*TASK TO COMPLETE*. Retype the data below exactly, skipping pictures.

*MATERIAL PROVIDED*.
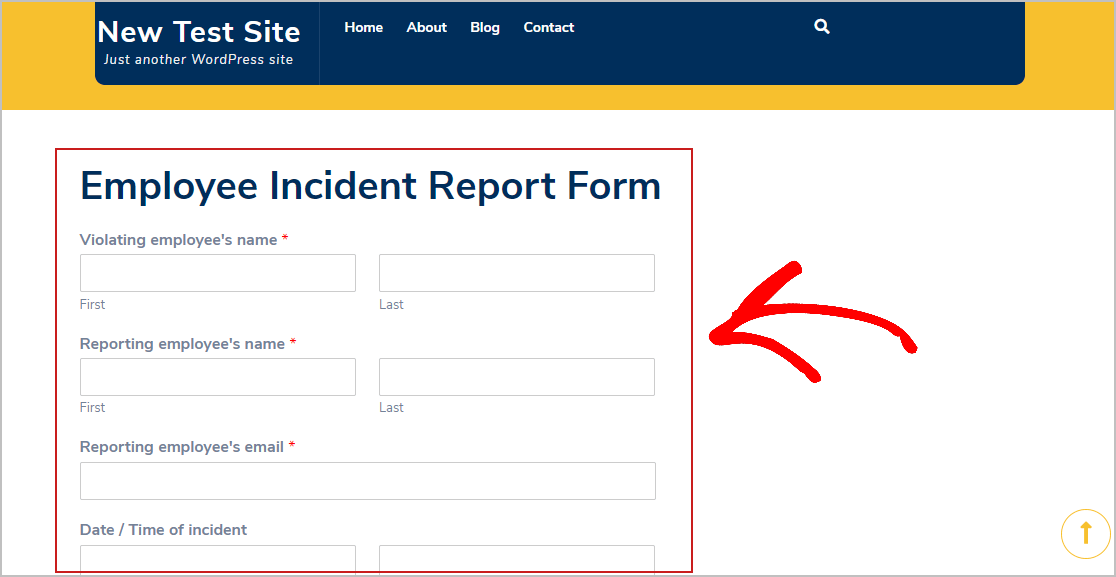 الآن ، انقر فوق معاينة ، وسترى نموذج تقرير الحادث الخاص بك كما سيظهر على موقع الويب الخاص بك.
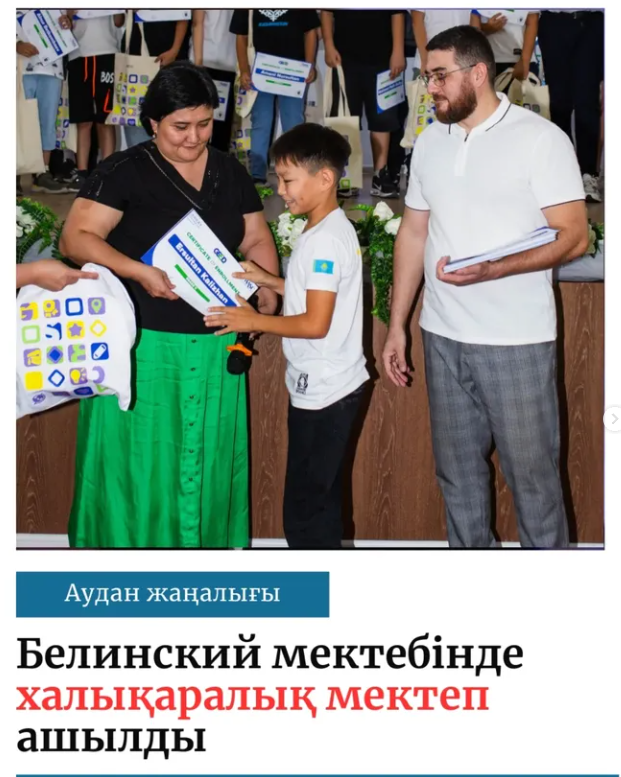 Ауданымыздағы В.Белинский атындағы орта мектеп тағы бір үлкен жетістікке жетті. Еліміз бойынша екінші және Алматы облысы бойынша алғашқы мектеп болып «GSED» халықаралық дипломдық бағдарламасын жүзеге асыруды қолға алды.
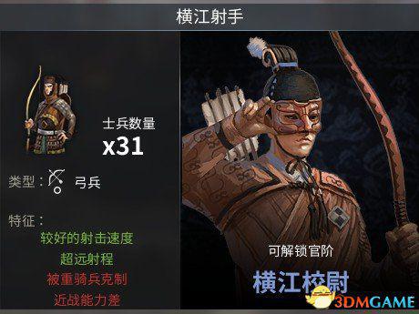 克制兵种:弓兵,弩兵。

*TASK RESULT*.
 الآن ، انقر فوق معاينة ، وسترى نموذج تقرير الحادث الخاص بك كما سيظهر على موقع الويب الخاص بك.
 Ауданымыздағы В.Белинский атындағы орта мектеп тағы бір үлкен жетістікке жетті. Еліміз бойынша екінші және Алматы облысы бойынша алғашқы мектеп болып «GSED» халықаралық дипломдық бағдарламасын жүзеге асыруды қолға алды.
 克制兵种:弓兵,弩兵。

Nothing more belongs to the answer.